TASK INSTRUCTIONS: Starting at the line below with "Bracciale in acciaio" and stopping at the line with "The Classic Gigi", please print each line exactly, those two included, and skip every picture.

══ DATASET ══

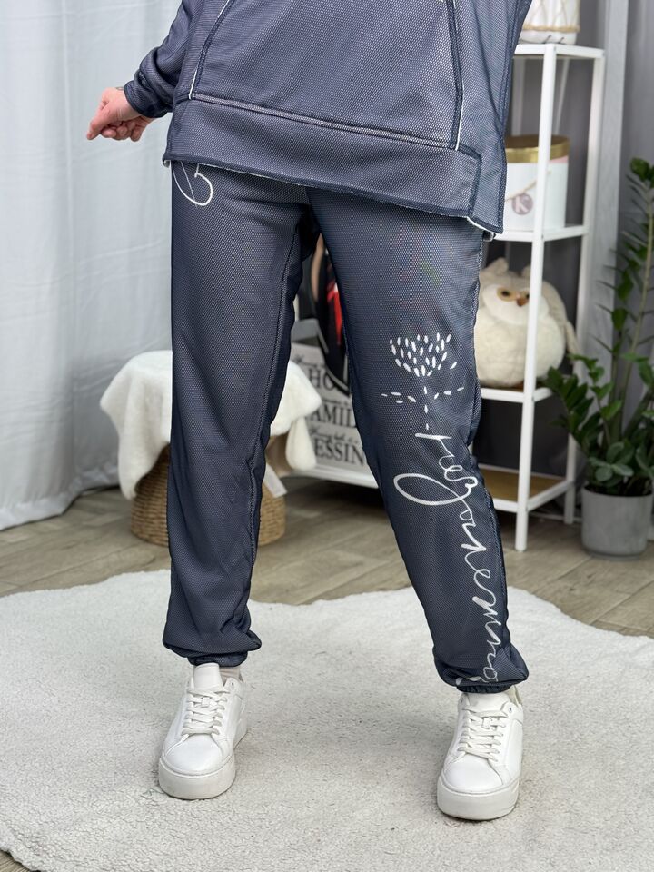 • Комплект: худі-кенгуру + штани джогери • Сезон: весна/осінь • Матеріал: бавовна 100% та зверху сітка (поліестр) • Капюшон на худі: є • Пояс: резинка • Посадка: oversize • Догляд: прання 30°
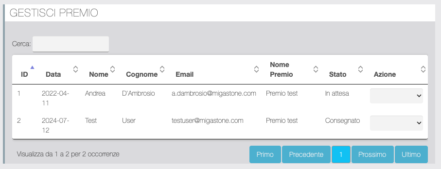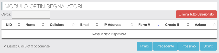 In questa sezione è mostrato un elenco degli optin effettuati utile per eliminare eventuali iscrizioni indesiderate. Utile per discriminare oltre ai dati anagrafici e contatti inseriti, anche l'indirizzo IP e la versione del codice del form utilizzato (poiché nel tempo abbiamo introdotto filtri captcha via via più efficaci).
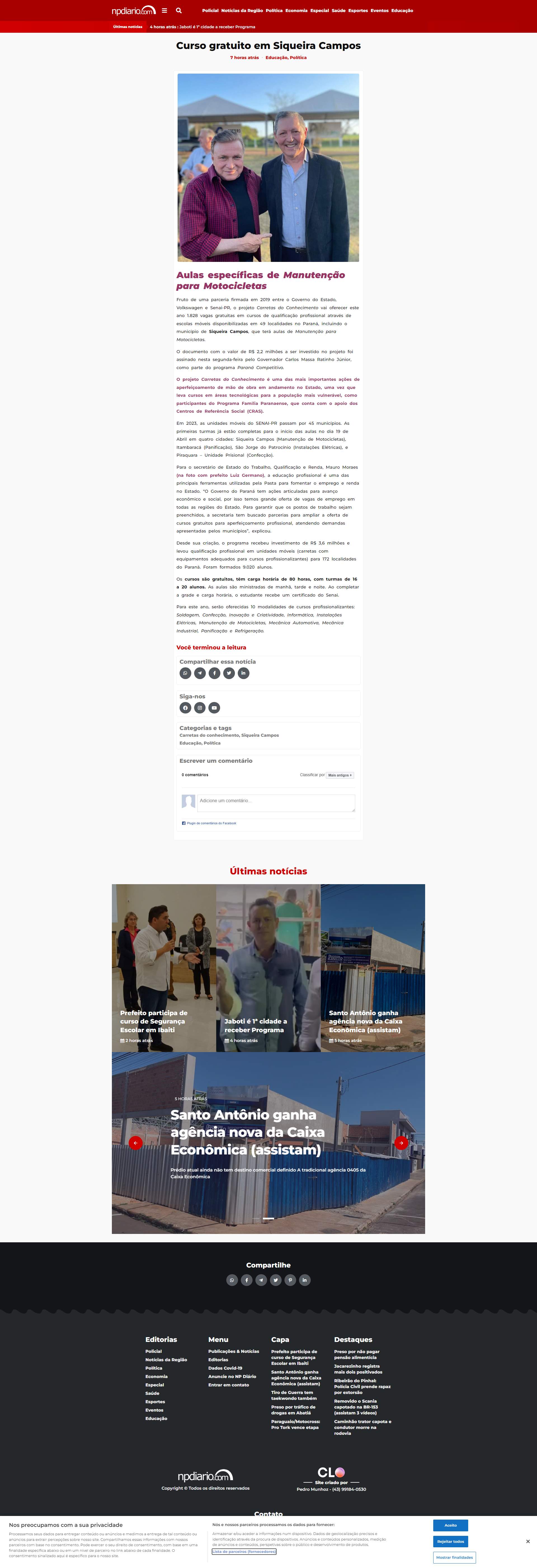 Paraná, incluindo o município de Siqueira Campos, que terá aulas de Manutenção para Motocicletas.
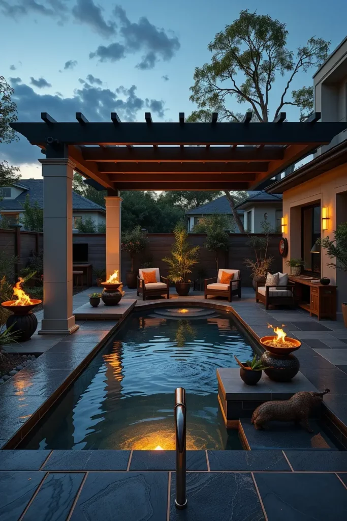 From my perspective, unique plunge pools like this become natural focal points for evening gatherings. Media outlets like HGTV often emphasize that outdoor fire features extend the usability of outdoor spaces long after sunset. I regularly incorporate warm lighting, textured surfaces, and layered seating to reinforce this inviting atmosphere.
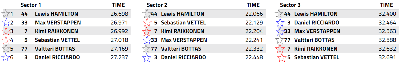 Partendo dal giro 24, ossia quando Ricciardo stava girando nel traffico, i riscontri cronometrici ne sono la chiara dimostrazione con tempi nettamente più alti rispetto a quelli di Vettel ed Hamilton. Al giro successivo, grazie al pit stop del pilota che lo precedeva, ha potuto girare finalmente in aria libera e il tempo realizzato si è abbassato di ben 1.2 secondi, qualche decimi più veloce di Hamilton e Raikkonen anche se il compound utilizzato era differente.
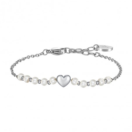 Bracciale in acciaio con cuore centrale e perline sintetiche bianche
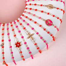 The Classic Gigi Pink Flamingo bracelet by gigi CLOZEAU features signature 18 carat Yellow Gold and Pink resin pearls with a playful feel.
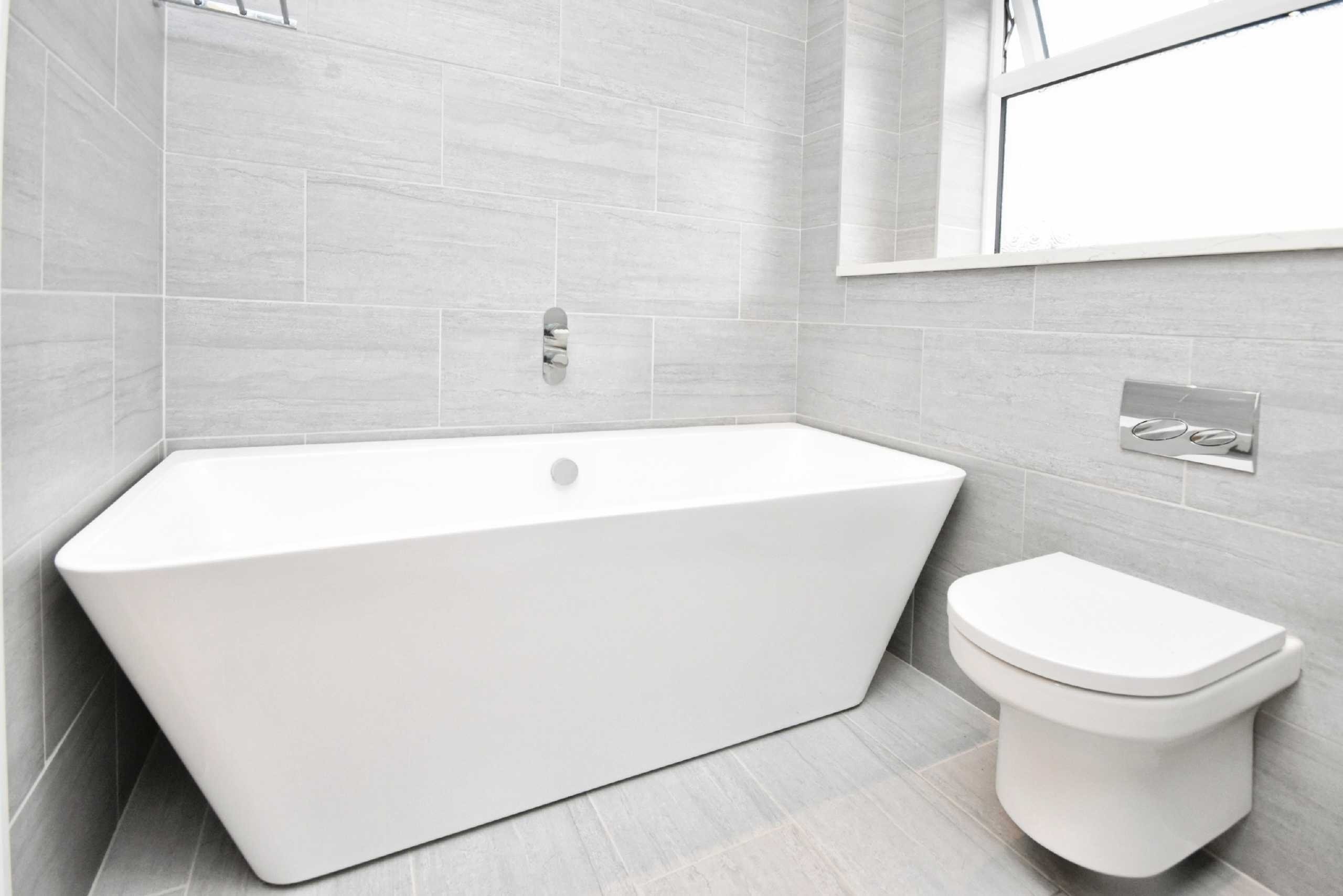Window frosted to side, tiled flooring and walls, shower cubicle, sink with mixer tap and storage, low level W/C, bath with mixer tap, heated chrome towel rail.

═══

TASK RESPONSE:
 Bracciale in acciaio con cuore centrale e perline sintetiche bianche
 The Classic Gigi Pink Flamingo bracelet by gigi CLOZEAU features signature 18 carat Yellow Gold and Pink resin pearls with a playful feel.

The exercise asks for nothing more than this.